# Building small loft



## mryl (Oct 11, 2001)

I would like to build a small loft with my children (8 and 11), starting with 2 birds (Homers)no more than 8 birds for now, can you give me basic requirments? We're just starting out.


----------



## bigbird (Aug 19, 2000)

Here is one idea, others will have posts for additional ideas for sure.
Build the loft about 8'x8' or 10' x 10' with another outside screened area for flying say 
8' x 8' or 10' x 10' using 1 inch chicken wire. Inside on one wall place your nest boxes, a continous perch running fully across the opposite wall with some glass or wire on the same wall for light. One end has the door. The other end has the seed barrels and also the feed and water area.
The floor area should be kept dry at all times if possible so it should be a wood floor or a raised screen floor which will allow all pigeon dropings to fall down below.
There are many other ideas as to how to make pigeons lofts, sometimes the best design will depend upon what type or kind of pigeons you want to raise. Racing pigeon lofts are often different than show pigoen lofts. I raise show pigeons so that is all I know.
Good luck,
Carl


----------



## mryl (Oct 11, 2001)

Thank you, what do you think of this idea? We have a large never used screen porch on our deck, my husband would like to attach a loft to the front of that (about 3 feet off the ground) , the back of the loft would have a door we could open to let birds in from loft to the screened in room. We were thinking of that back wall being 1/2 door, 1/2 screen. We could cover screen with plastic in the winter, the kids would have better view of birds etc.
Any comments?

[This message has been edited by mryl (edited October 15, 2001).]


----------



## bigbird (Aug 19, 2000)

Your idea sounds fine. The floor of the loft could be screen, to allow for droppings to fall down below onto a cleaning shelf.
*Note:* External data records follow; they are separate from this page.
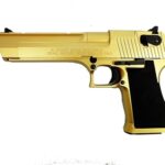 タナカのデザートイーグル .50AE ブライトゴールドコーティングモデルは、重厚感ある仕上げとリアルな外観が特徴。18歳以上向けのモデルガンで、詳細な造形と金メッキが施されています。
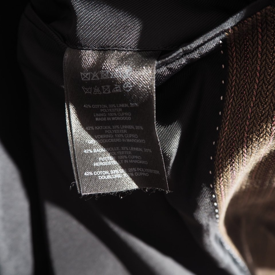 ポケット :表=胸×1、サイドフラップ付き×2(全てしつけ糸付き)  内側=1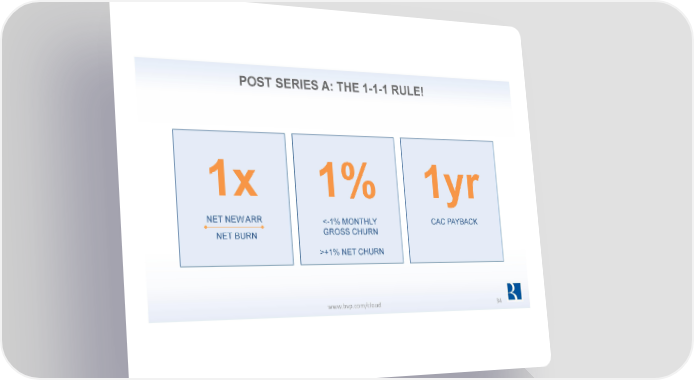 10 Laws of Building a Unicorn Page 33 Page 35POST SERIES A: THE 1-1-1 RULE! 1x 1% 1yr NET NEW ARR <-1% MONTHLY CAC PAYBACK NET BURN GROSS CHURN >+1% NET CHURN www.bvp.com/cloud 34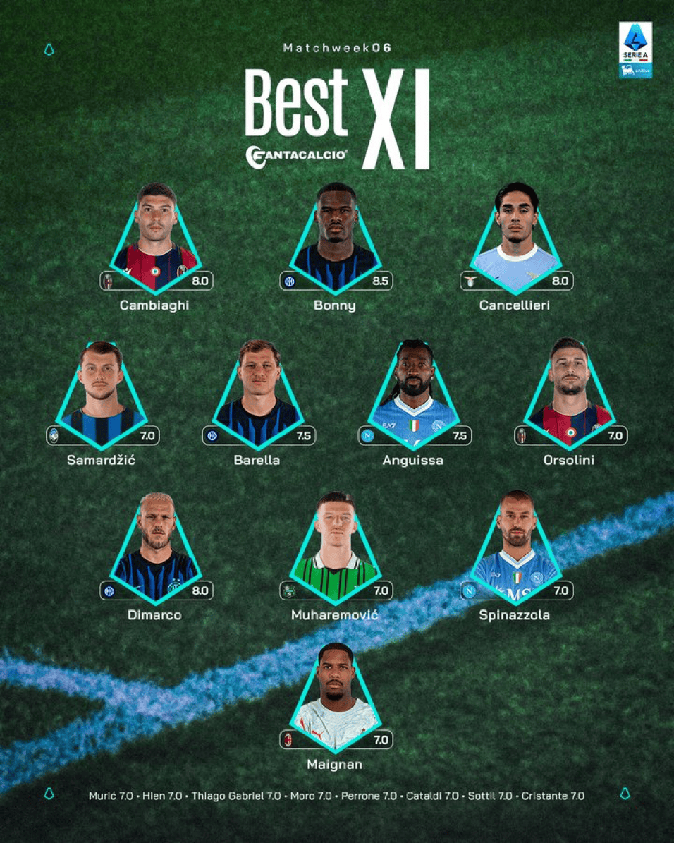 Hupu News on October 7th Serie A officially announced the best lineup for this round of the league, and three players from Inter Milan were selected. [Lineup details] Goalkeeper: Maignan (AC Milan) Defender: Dimarco (Inter Milan), Muharemovic (Sassuolo), Spinazzola (Naples) Midfielder: Sama Erzic (Atalanta), Varela (Inter Milan), Anguisa (Naples), Orsolini (Bologna) Forward: Cambiagi (Bologna), Bonny (Inter Milan), Canselieri (Lazio)
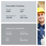 - Kleurtemperatuur: 2500K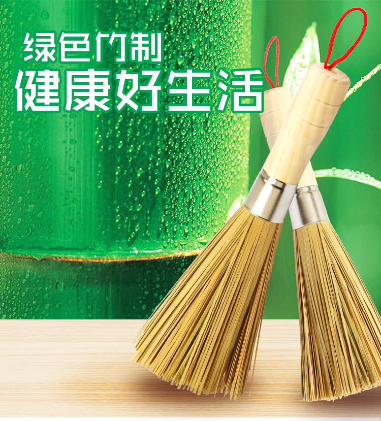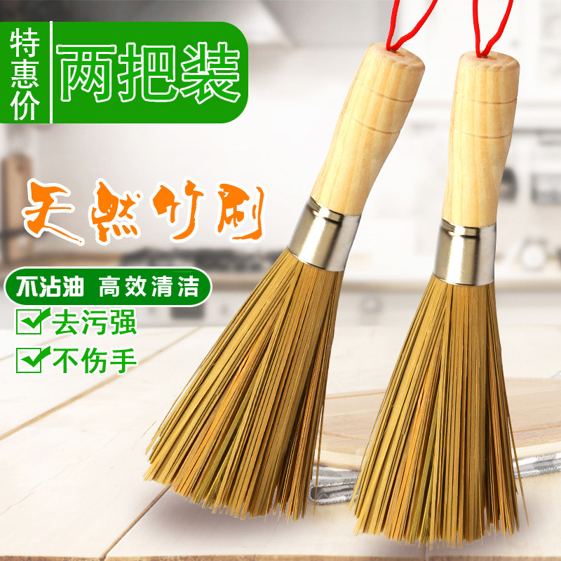 Бамбуковый горшок с горшками, бамбук с длинной деревянной ручкой, бамбуком, неплохом маслом, дезактивирует, вымойте щетку, кисть wok щетки для артефакта, чистая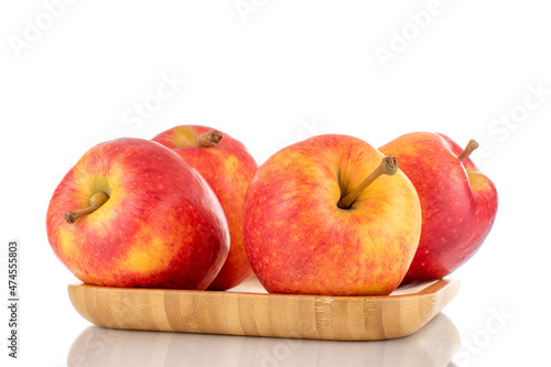 Four juicy red apples on a bamboo plate, close-up, isolated on white.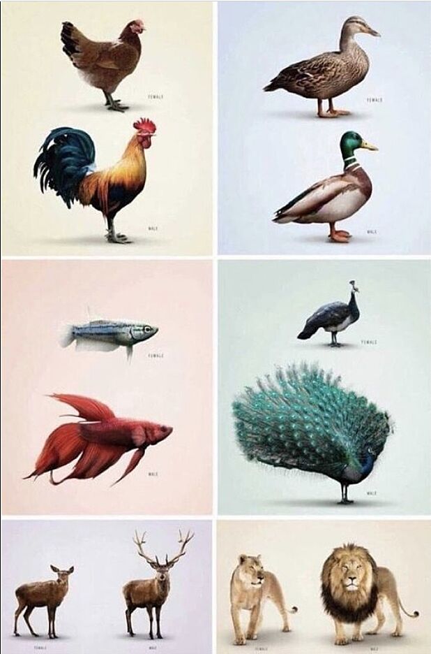 У світі людей взагалі все пішло в якомусь неправильному для тваринного світу напрямку. Серед тварин, птахів, риб, комах самочки зазвичай сірі та непримітні, а от самці яскраві і саме самці мають старатися, щоб отримати увагу від самочки. Самці танцюють шлюбні танці, самці відвоювують самок у інших самців. А у людей навпаки - жінки зі шкіри лізуть, щоб отримати увагу чоловіків. Треба повертати правильну ієрархую, геть бритви!

The nest boxes should be on the back wall,up off the screen floor, about 18" wide, 12" high, 12" deep, with nest bowl. A flat shelf or perch (3/4" x 3") should be placed out toward the front of the loft, positioned at the center, running from left to right across in front of the screen and the door.
The birds can fly from the next box to the perch and back. Food and water is placed under the nest boxes, against the back wall, out of the way of droppings.
Regards,
Carl


----------



## mryl (Oct 11, 2001)

Thank you!


----------